◆ **THE TASK**
Repeat the listing exactly. Pictures stay out of your copy.

◆ **GIVEN DATA**
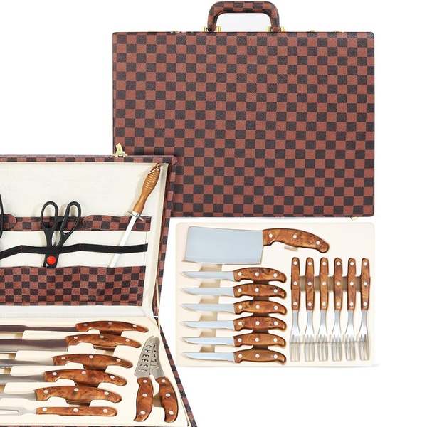 In dit etui zitten 9 of 25 verschillende messen zodat je voor ieder gerecht de juiste messen in huis hebt en gemakkelijk eten kan bereiden
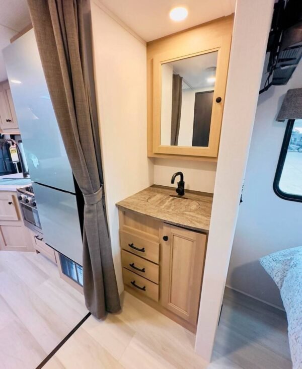 – Sink with storage for toiletries.
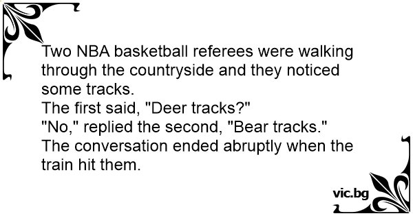 Two NBA basketball referees were walking through the countryside and they noticed some tracks.
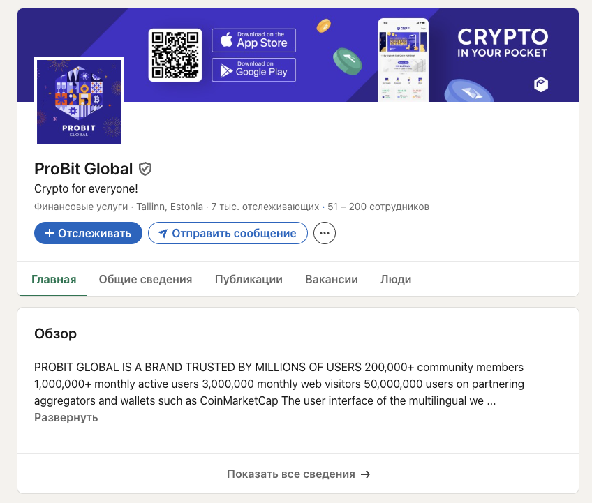 Страницу ProBit Global отслеживают 7 тысяч пользователей социального сервиса LinkedIn. Согласно информации на этом аккаунте, у компании более 50 сотрудников.

◆ **SOLUTION TO THIS TASK**
 In dit etui zitten 9 of 25 verschillende messen zodat je voor ieder gerecht de juiste messen in huis hebt en gemakkelijk eten kan bereiden
 – Sink with storage for toiletries.
 Two NBA basketball referees were walking through the countryside and they noticed some tracks.
 Страницу ProBit Global отслеживают 7 тысяч пользователей социального сервиса LinkedIn. Согласно информации на этом аккаунте, у компании более 50 сотрудников.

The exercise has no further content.